Push the image to the registry for k3s to pick it up
docker push localhost:5000/pykaf-producer:v1
Once pushed, deploy the producer in the cluster If you're using a private docker image registry please do not forget to put the right image name in the kubernetes yaml file (deploy.yaml) at line number 25 and then use the following command.
$ kubectl apply -f deploy.yaml
The output must be something like this
deployment.apps/pykaf-producer created
Test if the deployment is running without any errors:
$ kubectl get pods | grep pykaf # filtering by deployment name
Output should looks something like this:
NAME READY STATUS RESTARTS AGE
pykaf-producer-5798b957d5-t29pv 1/1 Running 0 89s
This is the piece of code responsible for the consumption of data from the kafka topic/queue and doing the necessary calculations.
The calculations done are for the moving mean and standard deviation and this consumer is also responsible for writing the data to the redis db for the necessary CRUD operations.
The steps to deploy this consumer are similar to the producer codebase
# from the previous step you must be in the producer directory
# change directory to the consumer folder
$ cd ../consumer
# now you must be in the realtime-analytics-on-streaming-data/consumer directory
Build the docker file, tag it and push it to the registry
$ docker build -t localhost:5000/pykaf-consumer:v1 .
$ docker push localhost:5000/pykaf-consumer:v1
Deploy in the cluster
$ kubectl apply -f deploy.yaml
# output
deployment.apps/pykaf-consumer created
Test if the deployment is running without any errors:
$ kubectl get pods | grep pykaf
Output should looks something like this:
pykaf-producer-5798b957d5-t29pv 1/1 Running 0 15m
pykaf-consumer-77bd8764f7-45578 1/1 Running 0 2m19s
The consumer codebase is responsible for:
- Listening to a kafka topic to consume messages from the so-called sensor/producer
- Doing the calculations for moving mean and standard deviation
- Reading & Updating the calculation output to redis
- Producing or transmitting calcultion results to another kafka topic/queue for the backend to consume and produce them to a nifty little frontend for the real time updates
Now that our kafka, producer and consumer codebases are deployed lets verify if the events are being transmitted among them successfully.
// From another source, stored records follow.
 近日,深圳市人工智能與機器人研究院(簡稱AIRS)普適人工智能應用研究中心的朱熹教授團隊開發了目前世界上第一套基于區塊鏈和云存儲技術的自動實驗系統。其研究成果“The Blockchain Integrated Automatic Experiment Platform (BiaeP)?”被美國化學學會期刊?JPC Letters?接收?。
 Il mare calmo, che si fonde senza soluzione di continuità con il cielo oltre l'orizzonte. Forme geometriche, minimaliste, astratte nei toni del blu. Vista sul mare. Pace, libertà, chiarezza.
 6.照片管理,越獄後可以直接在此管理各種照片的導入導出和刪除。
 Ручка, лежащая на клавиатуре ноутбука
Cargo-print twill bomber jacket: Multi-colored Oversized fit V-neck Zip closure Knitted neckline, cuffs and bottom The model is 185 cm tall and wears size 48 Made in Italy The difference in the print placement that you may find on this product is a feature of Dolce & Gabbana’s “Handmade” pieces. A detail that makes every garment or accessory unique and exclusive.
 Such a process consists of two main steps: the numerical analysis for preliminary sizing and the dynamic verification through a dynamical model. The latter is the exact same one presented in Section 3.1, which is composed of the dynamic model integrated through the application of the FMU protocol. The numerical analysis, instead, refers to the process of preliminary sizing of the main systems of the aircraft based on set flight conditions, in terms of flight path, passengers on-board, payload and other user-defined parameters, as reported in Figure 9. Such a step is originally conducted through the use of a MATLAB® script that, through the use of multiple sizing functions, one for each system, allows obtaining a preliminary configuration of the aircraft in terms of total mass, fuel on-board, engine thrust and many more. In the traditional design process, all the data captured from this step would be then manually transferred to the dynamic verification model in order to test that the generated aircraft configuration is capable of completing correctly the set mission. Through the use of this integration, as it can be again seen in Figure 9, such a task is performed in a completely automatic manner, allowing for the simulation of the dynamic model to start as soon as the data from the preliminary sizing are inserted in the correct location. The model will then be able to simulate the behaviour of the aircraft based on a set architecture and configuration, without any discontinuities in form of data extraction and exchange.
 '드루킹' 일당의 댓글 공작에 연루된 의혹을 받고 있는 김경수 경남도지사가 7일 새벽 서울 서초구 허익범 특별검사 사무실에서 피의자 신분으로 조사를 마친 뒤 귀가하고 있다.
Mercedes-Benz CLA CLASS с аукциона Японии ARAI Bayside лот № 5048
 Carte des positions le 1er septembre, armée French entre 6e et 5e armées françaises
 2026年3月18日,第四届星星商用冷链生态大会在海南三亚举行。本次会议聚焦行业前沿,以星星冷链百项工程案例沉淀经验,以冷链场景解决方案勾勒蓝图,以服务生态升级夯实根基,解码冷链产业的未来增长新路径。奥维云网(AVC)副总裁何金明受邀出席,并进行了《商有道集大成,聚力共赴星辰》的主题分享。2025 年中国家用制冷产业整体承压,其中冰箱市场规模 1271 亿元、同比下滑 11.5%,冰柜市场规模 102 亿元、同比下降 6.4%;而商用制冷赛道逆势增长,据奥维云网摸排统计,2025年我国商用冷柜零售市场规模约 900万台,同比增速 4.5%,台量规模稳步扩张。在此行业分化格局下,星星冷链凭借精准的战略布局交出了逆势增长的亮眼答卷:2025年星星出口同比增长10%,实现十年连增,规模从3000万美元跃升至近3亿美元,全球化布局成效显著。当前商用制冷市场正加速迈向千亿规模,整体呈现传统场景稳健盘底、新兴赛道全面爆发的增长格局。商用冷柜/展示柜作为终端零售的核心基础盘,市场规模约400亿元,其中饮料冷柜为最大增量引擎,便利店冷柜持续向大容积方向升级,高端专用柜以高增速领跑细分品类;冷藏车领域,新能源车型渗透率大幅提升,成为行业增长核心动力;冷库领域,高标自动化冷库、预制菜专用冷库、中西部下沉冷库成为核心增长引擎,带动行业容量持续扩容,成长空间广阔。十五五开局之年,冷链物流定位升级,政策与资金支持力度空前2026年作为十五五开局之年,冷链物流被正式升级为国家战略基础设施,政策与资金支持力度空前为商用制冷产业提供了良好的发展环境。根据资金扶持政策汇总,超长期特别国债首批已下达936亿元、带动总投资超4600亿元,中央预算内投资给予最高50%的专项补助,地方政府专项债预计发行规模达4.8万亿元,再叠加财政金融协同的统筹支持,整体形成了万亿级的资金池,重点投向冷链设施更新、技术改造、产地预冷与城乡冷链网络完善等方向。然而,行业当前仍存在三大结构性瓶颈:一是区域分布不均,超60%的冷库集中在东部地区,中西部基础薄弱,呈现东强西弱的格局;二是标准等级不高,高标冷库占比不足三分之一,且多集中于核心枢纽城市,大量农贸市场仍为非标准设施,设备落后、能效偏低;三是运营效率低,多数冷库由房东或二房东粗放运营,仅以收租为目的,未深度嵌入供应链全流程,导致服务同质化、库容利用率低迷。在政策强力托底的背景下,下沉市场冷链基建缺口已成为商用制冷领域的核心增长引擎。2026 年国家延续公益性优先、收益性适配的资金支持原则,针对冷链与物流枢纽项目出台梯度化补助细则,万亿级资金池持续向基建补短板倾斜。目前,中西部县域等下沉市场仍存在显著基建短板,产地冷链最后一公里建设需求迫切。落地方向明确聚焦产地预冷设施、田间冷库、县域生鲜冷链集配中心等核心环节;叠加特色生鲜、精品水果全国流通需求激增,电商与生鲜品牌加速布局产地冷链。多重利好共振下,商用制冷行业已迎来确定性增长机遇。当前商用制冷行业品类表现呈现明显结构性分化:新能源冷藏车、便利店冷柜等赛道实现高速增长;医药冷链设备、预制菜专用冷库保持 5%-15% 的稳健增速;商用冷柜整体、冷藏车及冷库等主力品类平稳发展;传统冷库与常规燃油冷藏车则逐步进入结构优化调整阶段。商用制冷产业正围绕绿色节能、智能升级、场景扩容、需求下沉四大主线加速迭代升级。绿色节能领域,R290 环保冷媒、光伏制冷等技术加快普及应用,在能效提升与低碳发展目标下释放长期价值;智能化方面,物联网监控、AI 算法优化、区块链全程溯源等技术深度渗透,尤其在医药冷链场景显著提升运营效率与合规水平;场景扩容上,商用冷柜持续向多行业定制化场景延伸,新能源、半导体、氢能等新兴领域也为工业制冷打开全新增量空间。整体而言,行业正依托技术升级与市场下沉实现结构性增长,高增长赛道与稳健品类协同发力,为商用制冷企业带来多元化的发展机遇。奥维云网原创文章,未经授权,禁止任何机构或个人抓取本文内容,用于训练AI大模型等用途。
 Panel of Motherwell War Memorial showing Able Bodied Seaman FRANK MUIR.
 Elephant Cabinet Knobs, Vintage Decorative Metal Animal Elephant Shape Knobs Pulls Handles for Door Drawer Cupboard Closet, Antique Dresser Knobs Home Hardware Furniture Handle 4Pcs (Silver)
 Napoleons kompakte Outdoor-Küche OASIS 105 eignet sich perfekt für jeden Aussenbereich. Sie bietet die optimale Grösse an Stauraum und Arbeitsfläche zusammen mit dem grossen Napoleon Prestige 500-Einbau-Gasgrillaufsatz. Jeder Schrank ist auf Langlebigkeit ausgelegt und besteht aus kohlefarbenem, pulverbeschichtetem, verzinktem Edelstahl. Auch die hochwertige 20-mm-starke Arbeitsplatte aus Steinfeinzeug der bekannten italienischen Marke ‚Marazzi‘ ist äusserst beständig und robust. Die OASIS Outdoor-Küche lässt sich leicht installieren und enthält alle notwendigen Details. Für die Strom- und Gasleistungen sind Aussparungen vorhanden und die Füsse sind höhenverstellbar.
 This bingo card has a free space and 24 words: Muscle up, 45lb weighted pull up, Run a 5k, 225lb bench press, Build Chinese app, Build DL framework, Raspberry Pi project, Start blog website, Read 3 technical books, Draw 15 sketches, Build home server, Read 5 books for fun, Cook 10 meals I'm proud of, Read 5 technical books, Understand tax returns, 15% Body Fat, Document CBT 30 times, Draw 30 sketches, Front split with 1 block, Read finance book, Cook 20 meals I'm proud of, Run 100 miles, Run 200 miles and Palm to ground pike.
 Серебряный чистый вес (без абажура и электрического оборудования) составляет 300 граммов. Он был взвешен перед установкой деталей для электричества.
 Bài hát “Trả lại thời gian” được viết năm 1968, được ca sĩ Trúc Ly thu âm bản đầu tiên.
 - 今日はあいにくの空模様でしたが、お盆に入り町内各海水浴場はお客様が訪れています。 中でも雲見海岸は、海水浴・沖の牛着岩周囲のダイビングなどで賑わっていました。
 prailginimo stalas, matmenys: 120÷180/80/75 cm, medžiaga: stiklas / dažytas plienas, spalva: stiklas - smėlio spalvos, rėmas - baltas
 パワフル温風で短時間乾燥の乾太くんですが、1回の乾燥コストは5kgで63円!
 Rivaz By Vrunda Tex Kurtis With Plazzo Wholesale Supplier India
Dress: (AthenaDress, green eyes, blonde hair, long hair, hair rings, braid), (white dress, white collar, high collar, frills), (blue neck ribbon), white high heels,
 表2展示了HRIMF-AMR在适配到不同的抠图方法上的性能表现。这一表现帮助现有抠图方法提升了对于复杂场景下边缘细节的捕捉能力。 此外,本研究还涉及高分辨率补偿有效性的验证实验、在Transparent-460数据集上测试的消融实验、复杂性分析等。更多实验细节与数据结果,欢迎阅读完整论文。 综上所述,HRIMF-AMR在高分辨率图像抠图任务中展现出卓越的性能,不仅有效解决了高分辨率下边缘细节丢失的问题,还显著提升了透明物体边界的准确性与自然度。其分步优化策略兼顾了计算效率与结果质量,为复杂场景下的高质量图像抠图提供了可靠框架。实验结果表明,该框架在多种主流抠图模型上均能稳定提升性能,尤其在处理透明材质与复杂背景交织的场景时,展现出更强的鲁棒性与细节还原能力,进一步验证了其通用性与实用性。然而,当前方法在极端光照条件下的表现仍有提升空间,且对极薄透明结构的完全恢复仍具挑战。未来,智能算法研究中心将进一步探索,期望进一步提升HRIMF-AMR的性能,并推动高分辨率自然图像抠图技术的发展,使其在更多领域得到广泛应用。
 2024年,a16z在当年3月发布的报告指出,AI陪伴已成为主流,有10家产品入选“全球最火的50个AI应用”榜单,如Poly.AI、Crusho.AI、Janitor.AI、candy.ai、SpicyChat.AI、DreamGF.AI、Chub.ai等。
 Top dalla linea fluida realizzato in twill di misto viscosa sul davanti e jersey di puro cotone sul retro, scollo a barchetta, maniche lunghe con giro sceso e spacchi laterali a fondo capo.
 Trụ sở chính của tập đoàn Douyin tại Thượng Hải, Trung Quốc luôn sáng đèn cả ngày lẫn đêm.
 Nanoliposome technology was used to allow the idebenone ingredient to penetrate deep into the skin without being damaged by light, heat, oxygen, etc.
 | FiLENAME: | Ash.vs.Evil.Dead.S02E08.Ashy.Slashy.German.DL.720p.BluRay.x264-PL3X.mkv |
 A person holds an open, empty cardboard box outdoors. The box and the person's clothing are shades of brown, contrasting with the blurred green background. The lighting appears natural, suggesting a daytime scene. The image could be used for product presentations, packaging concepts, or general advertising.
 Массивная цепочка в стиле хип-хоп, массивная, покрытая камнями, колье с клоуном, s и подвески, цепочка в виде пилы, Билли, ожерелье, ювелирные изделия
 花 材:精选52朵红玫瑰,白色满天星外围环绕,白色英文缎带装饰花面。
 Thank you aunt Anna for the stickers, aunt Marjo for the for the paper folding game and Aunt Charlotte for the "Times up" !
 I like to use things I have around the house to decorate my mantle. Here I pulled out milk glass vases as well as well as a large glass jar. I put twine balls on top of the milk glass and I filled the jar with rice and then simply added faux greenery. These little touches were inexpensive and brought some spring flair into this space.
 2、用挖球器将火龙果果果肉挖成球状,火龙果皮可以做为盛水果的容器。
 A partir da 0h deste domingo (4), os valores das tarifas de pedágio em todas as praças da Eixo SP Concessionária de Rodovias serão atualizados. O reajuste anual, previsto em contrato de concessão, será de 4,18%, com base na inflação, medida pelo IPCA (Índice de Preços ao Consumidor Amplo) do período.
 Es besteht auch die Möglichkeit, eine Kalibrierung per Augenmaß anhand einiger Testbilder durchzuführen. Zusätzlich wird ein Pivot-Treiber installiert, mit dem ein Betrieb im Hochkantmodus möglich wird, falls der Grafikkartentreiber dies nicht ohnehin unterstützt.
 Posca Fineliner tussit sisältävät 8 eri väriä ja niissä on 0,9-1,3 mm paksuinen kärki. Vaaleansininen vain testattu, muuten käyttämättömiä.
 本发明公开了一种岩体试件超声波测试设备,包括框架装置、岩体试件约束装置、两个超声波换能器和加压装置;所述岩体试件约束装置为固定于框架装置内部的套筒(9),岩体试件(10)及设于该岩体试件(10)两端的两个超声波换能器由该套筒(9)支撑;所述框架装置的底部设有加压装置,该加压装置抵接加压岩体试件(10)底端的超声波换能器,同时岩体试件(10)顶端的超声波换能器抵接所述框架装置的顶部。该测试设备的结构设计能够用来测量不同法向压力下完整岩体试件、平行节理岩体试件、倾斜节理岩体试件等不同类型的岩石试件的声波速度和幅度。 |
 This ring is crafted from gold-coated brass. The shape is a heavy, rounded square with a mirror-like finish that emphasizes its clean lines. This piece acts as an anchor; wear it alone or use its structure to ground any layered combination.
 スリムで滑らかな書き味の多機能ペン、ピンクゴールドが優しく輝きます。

Run the following command to check the pod names of the producer and consumer deployments
$ kubectl get pods | grep pykaf
# output
pykaf-producer-5798b957d5-t29pv 1/1 Running 0 15m
pykaf-consumer-77bd8764f7-45578 1/1 Running 0 2m19s
Now we'll view the logs of both the pods simultaneously to see the event transmission happening. We should ideally use two terminal windows/tabs to view the logs.
In terminal window 1
# copy the pod name of the producer (here we have it as pykaf-producer-5798b957d5-t29pv, you might see a different name) and execute the following commmand
$ kubectl logs pykaf-producer-5798b957d5-t29pv -f
# output
# press Ctrl + c to escape from these streaming logs
message published
message published
message published
message published
message published
message published
In terminal window 2
# copy the pod name of the consumer (here we have it as pykaf-consumer-77bd8764f7-45578, you might see a different name) and execute the following commmand
$ kubectl logs pykaf-consumer-77bd8764f7-45578 -f
# output
# press Ctrl + c to escape from these streaming logs
Message is None
Message is None
Message is None
Message is None
Message is None
b'{"2022-07-17_15-43-10": {"value": 0.6809525757404139, "sensor": "sensor_1"}}'
Data updated successfully
{'mean': 0.5077522295687356, 'std_dev': 0.29110740241655597, 'pre_division_variance': 20.592675297236664, 'variance': 0.08474351974171467, 'stream_length': 244.0}
Message is None
Message is None
Message is None
Message is None
If you see these bytes encoded string (dictionary) data in the satreaming logs every 10 seconds, your event transmission is running perfectly.
What if it isn't running perfectly and I do not see data on the producer or consumer side ? Answer: It could be a problem in the kafka config - kafka cluster name, queue name etc only if modified. If this code is run without any modifications, then there ideally should not be any errors or missing data.
Now that the event transmission is successful, we need to deploy a backend service which listens to the consumer as it relays the results for the real time updates. This backend is essentially a node, express server with a socketio integration which emits the events received from the kafka queue to the frontend. Note: Socket.io is not websocket by itself - Read this to understand the difference.
# after the consumer deployment, change directory to be inside the backend directory
$ cd ../backend
Build the docker image, tag it and deploy it to the cluster
$ docker build -t localhost:5000/backend:v1 .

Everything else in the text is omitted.